Another problem that occurred was that SCC Nautical Transport Services Inc was supposed to implement 18 50-seat vessels and not 6 150-seat vessels. It was due to this that some of the stations could not be used because the boats were too large to navigate. With river tours being operated, many scheduled trips had to be cancelled to accommodate them, causing many frustrated passengers to stop taking the ferry and causing passenger numbers to dwindle. Before this, the numbers were high enough that all ferries were full and SCC Nautical Transport Services Inc was considering purchasing more. The ferry service ceased operations in 2011.

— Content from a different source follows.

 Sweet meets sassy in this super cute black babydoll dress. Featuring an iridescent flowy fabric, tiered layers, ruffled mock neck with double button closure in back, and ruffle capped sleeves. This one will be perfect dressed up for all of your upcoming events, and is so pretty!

In 2014, the Metropolitan Manila Development Authority took over ferry operations along the Pasig River, and continues to do so to this day, operating all days except Sundays, and free of charge.

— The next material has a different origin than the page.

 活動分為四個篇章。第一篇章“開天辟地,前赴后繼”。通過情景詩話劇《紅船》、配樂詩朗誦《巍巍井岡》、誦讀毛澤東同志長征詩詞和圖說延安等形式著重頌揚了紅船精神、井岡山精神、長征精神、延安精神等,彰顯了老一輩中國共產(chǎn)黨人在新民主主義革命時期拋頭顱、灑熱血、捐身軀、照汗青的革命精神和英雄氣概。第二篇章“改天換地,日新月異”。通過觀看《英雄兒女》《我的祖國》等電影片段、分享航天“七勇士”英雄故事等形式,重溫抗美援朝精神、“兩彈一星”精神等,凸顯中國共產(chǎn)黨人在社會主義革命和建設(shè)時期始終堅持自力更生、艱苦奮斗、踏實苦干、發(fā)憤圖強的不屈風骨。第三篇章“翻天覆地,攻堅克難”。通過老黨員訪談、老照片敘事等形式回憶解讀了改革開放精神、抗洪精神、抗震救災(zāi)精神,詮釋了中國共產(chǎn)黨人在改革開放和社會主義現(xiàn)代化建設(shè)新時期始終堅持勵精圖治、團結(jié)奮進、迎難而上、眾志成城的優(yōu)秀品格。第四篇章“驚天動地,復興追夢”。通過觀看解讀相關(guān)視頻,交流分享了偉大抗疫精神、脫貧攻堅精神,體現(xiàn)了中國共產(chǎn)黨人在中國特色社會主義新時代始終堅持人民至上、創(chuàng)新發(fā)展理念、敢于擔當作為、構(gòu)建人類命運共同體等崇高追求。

== Environmental preservation areas ==
Environmental preservation areas (EPAs) are being designated along the shores of the Pasig and all of its tributaries, stretching 10m from the shores on each side. They will have no businesses, homes, or illegal settlements. This 10m safety net will cause waste water, sewage, and garbage from illegal settlers to be kept away from the river. During emergencies, the river will provide access for maintenance and emergency crews and will provide a buffer zone during times of flooding. These areas will also allow river transportation as well as boats bringing amenities to the city, including the local markets. They will serve as tourist attractions, greenbelts, and riverside parks.

The 10m distance from the shore has come under controversy since its implementation. The official law states that the government can relocate people who are within 3 m of the shores, but the Metropolitan Manila Development Authority extended this to 10 m. This is greatly contested as they do not have authority to change a national law. Families that were past the 3 m point were still being relocated to make way for the EPA zones.